Copy the records below exactly, leaving out any pictures.

(Items listed in a dataset)
== Segment start ==

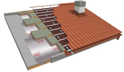 SIATE de cubierta Onduline para teja curva (Ondutiss Barrier Reflex 130 + Ondutherm Basic H19+A80 + Onduline DRS BT-150 PLUS)
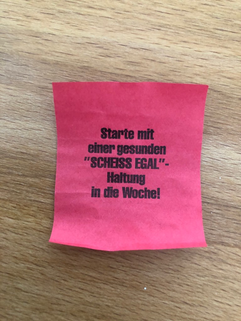 Mein (voraussichtlich) letztes Schuljahr als Lehrer ist nun rum, und es ist ein ganz merkwürdiges Gefühl, denn ich war ja sehr gerne Lehrer. Trotzdem bin ich mir sicher, dass das die richtige Entscheidung war, auch wenn uns das Schicksal bzw. Corona es gerade nicht einfach macht. Von meinen Kollegen habe ich zum Abschied noch sehr nette Geschenke bekommen, eines davon sind 50 Lose mit Aufgaben darauf, die ich dann erfüllen muss – sehr coole Idee! Ich hätte sie gerne als Countdown genommen, aber 50 Tage werden wohl nicht reichen… deshalb habe ich jetzt beschlossen, dass ich alle 3 Tage ein Los öffnen werde, in der Hoffnung, dass 150 Tage reichen… Und heute hab ich damit angefangen – hier mein Los mit meiner ersten Aufgabe:
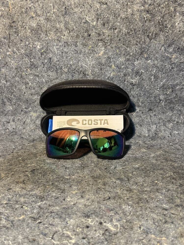 The Costa Reefton Black Frame Green Lens Polarized Sunglasses are ideal for the outdoor enthusiast seeking comfort, style, and optimal visual performance. Incorporating Costa's renowned polarized lens technology, these sunglasses eliminate glare and reduce eye strain, making them perfect for activities like fishing, boating, or just enjoying a sunny day outdoors. The green lens enhances contrast and color, providing clear vision in both bright and low-light conditions. Notably, the frames are made from a bio-based nylon, making them durable, lightweight, and environment-friendly. The spacious frame size and integral hinges ensure maximum coverage and a comfortable fit. The glasses also feature vented nose pads for better grip and airflow, preventing slippage due to sweat. For added protection, the lenses are scratch-resistant and block 100% of harmful UV rays, further enhancing your safety during outdoor activities. The classic black frame with its sleek design complements any look or style. In summary, Costa Reefton Black Frame Green Lens Polarized Sunglasses are a perfect blend of high-quality optics, comfort, and durability and are a must-have accessory for any outdoor fanatic. Experience nature clearer and sharper with these high-performing sunglasses. Be it for boating, fishing, or a day at the beach, Costa Reefton has you covered.
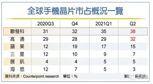 2021年09月02日 | 联发科拿下全球38%手机芯片市场,已连续四个季度超越高通
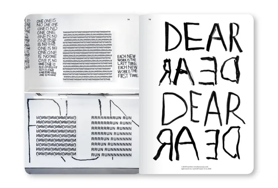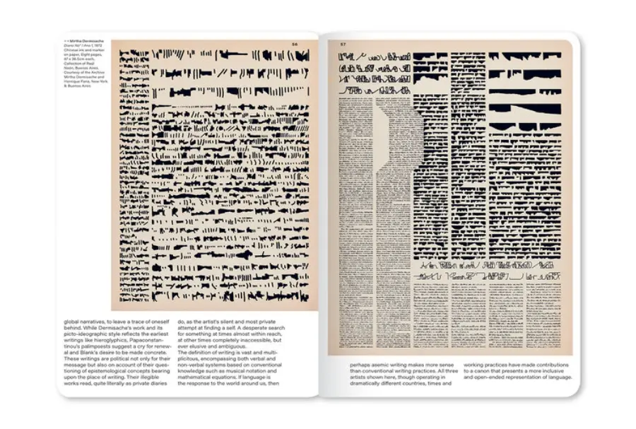 Artists: Ed Ruscha, Paula Scher, Simon Evans TM, Sketchbook Project, Irma Blank, Nina Papaconstantinou, Mirtha Dermisache, Ariane Spanier, Suzanne Treister, Karl Holmqvist, Pavel Pepperstein, Ingwill Gjelsvik, Marco Raparelli, Nadine Fecht, Shantell Martin, Katrin Ströbel, Xu Bing, Paula Troxler, Mark Lombardi, Stefan Brüggemann, Sol LeWitt, Pae White, Malgorzata Zurada, Philip Loersch, Stefan Marx, Prinzhorn Collection, Roni Horn, Peter Phobia, Annie Vought, Henri Chopin, Petra Schulze-Wollgast, Thomas Broomé, Meg Hitchcock, The Voynich Manuscript.

== Segment end ==

- EXPECTED ANSWER -
 SIATE de cubierta Onduline para teja curva (Ondutiss Barrier Reflex 130 + Ondutherm Basic H19+A80 + Onduline DRS BT-150 PLUS)
 Mein (voraussichtlich) letztes Schuljahr als Lehrer ist nun rum, und es ist ein ganz merkwürdiges Gefühl, denn ich war ja sehr gerne Lehrer. Trotzdem bin ich mir sicher, dass das die richtige Entscheidung war, auch wenn uns das Schicksal bzw. Corona es gerade nicht einfach macht. Von meinen Kollegen habe ich zum Abschied noch sehr nette Geschenke bekommen, eines davon sind 50 Lose mit Aufgaben darauf, die ich dann erfüllen muss – sehr coole Idee! Ich hätte sie gerne als Countdown genommen, aber 50 Tage werden wohl nicht reichen… deshalb habe ich jetzt beschlossen, dass ich alle 3 Tage ein Los öffnen werde, in der Hoffnung, dass 150 Tage reichen… Und heute hab ich damit angefangen – hier mein Los mit meiner ersten Aufgabe:
 The Costa Reefton Black Frame Green Lens Polarized Sunglasses are ideal for the outdoor enthusiast seeking comfort, style, and optimal visual performance. Incorporating Costa's renowned polarized lens technology, these sunglasses eliminate glare and reduce eye strain, making them perfect for activities like fishing, boating, or just enjoying a sunny day outdoors. The green lens enhances contrast and color, providing clear vision in both bright and low-light conditions. Notably, the frames are made from a bio-based nylon, making them durable, lightweight, and environment-friendly. The spacious frame size and integral hinges ensure maximum coverage and a comfortable fit. The glasses also feature vented nose pads for better grip and airflow, preventing slippage due to sweat. For added protection, the lenses are scratch-resistant and block 100% of harmful UV rays, further enhancing your safety during outdoor activities. The classic black frame with its sleek design complements any look or style. In summary, Costa Reefton Black Frame Green Lens Polarized Sunglasses are a perfect blend of high-quality optics, comfort, and durability and are a must-have accessory for any outdoor fanatic. Experience nature clearer and sharper with these high-performing sunglasses. Be it for boating, fishing, or a day at the beach, Costa Reefton has you covered.
 2021年09月02日 | 联发科拿下全球38%手机芯片市场,已连续四个季度超越高通
 Artists: Ed Ruscha, Paula Scher, Simon Evans TM, Sketchbook Project, Irma Blank, Nina Papaconstantinou, Mirtha Dermisache, Ariane Spanier, Suzanne Treister, Karl Holmqvist, Pavel Pepperstein, Ingwill Gjelsvik, Marco Raparelli, Nadine Fecht, Shantell Martin, Katrin Ströbel, Xu Bing, Paula Troxler, Mark Lombardi, Stefan Brüggemann, Sol LeWitt, Pae White, Malgorzata Zurada, Philip Loersch, Stefan Marx, Prinzhorn Collection, Roni Horn, Peter Phobia, Annie Vought, Henri Chopin, Petra Schulze-Wollgast, Thomas Broomé, Meg Hitchcock, The Voynich Manuscript.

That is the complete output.